Maybe you can see from this example that your questions about the relative "likelihood" & "theoretical possibility" etc. of signficant interactions conditional on the predictor & moderator being significant can't be answered in a meaningful way. Everything depends on how the predictor & moderator are related to the outcome being modeled.

For a phenomenon in which it is not meaningful or plausible to envision the two variables interacting, there's no point asking about how "likely" or "theoretically possible," whether or not the predictor and moderator are significant or nonsignificant (likely the interaction will be nonsignificant in that case, but if it turns out otherwise, it's likely a coincidence or a reflection of "significant" but meaningless relations between variables when you have large sample, etc.)

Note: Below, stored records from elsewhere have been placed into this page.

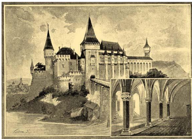
3. kép: Cserna Károly rajza Vajdahunyad váráról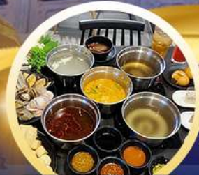
ชาบูฮ่องกง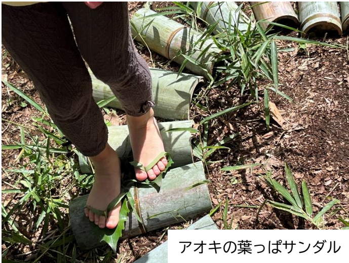
アオキの葉っぱサンダル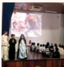
Colégio Salesiano Santo Antônio Cuiabá - Coxipó da Ponte/MT

If such a relationship is plausible, then by definition a "significant" interaction is "theoretically possible" & whether one would expect the predictor and moderator to be significant or nonsignificant on their own in that situation necessarily depends on what you are modeling. (Because the universe of things you might investigate is infinite, there's no way to say what's more likely -- both variables, one, or neither "significant" )

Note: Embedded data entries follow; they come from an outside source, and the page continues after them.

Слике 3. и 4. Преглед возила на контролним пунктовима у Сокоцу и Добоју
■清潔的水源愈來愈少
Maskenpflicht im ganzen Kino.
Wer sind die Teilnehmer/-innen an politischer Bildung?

Statistics won't help anyone who doesn't known what & why he or she is using them to understand a particular phenomenon.


Alternatively, you can test if the interaction is spurious or not by FWL orthogonalization, and when the interaction stands, then you can remove those independent variables that now are not significant anymore.

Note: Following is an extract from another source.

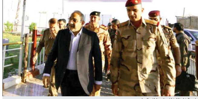
رئيس الوزراء خلال زيارته مقر عمليات ديالى امس

ان كانوا مجتمعين قرب قرية مهجورة تسمى «تل طيبة» من الجيش الشرفي، عين الجاحش الغربي، عريش، عين البصرة، خربت الفريدي، جند الراهبين القلتل، فضلا عن 4 مناطق ووفي ديالى ذكر بيان الاعلام الحشد الشعبي ان قرية مشتركة من اللواء 20 والحشد الشعبي والجيش ظهرت قرى ااصلاح والتشييدية، عرب جلالا، ضمن قاطع عمليات ديالى".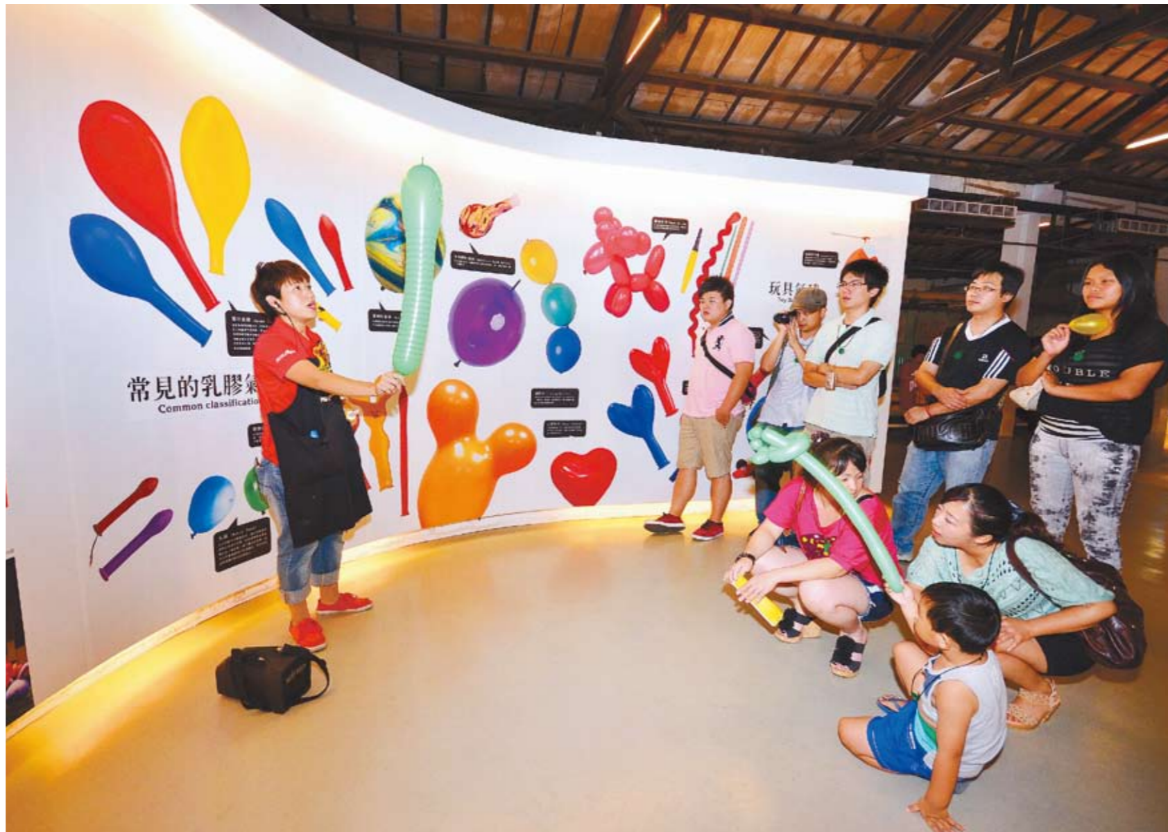
▲位於神岡的台灣氣球博物館，讓民眾認識氣球的發明與演進。

全臺第一家木頭觀光工廠「老樹根魔法木工坊」，就是一個能讓大人、小孩都放心在這敲敲打打的地方，老樹根公司原為生產製造原木教具、兒童玩具、涼亭、花架、景觀木作的木工坊，民國94年獲經濟部輔導轉型為

The objective is to remove as much interaction as possible because it confuses the analysis of the parameters.

See: Empirical Economics 2012, Hatice Ozer Balli and Bent E. Sørensen, Interaction effects in econometrics. [DOI]


Of course. Let me try and explain in a theoretical way instead of difficult numerical ways.

Let's imagine Psychology research in which you investigate the effect of identification with your ethnic group and the group's attitudinal norm towards an outgroup on the identification with that specific outgroup: $\text{Ingroup ID} + \text{norm} = \text{Outgroup ID}$

Now imagine that only those who highly identify with their ingroup identify strongly with the outgroup IF the attitudinal norm towards that outgroup is high (positive) and very little if the norm towards that outgroup is low (negative).

This is a part of your sample that can result in a significant effect but might be too small if you only check both main effects in which all participants (regardless of specific score on both variables) are put into the equation to see for any effect on the dependent variable.

In other words, all the scores taken together without any specific interacting combination nullifies a significant effect.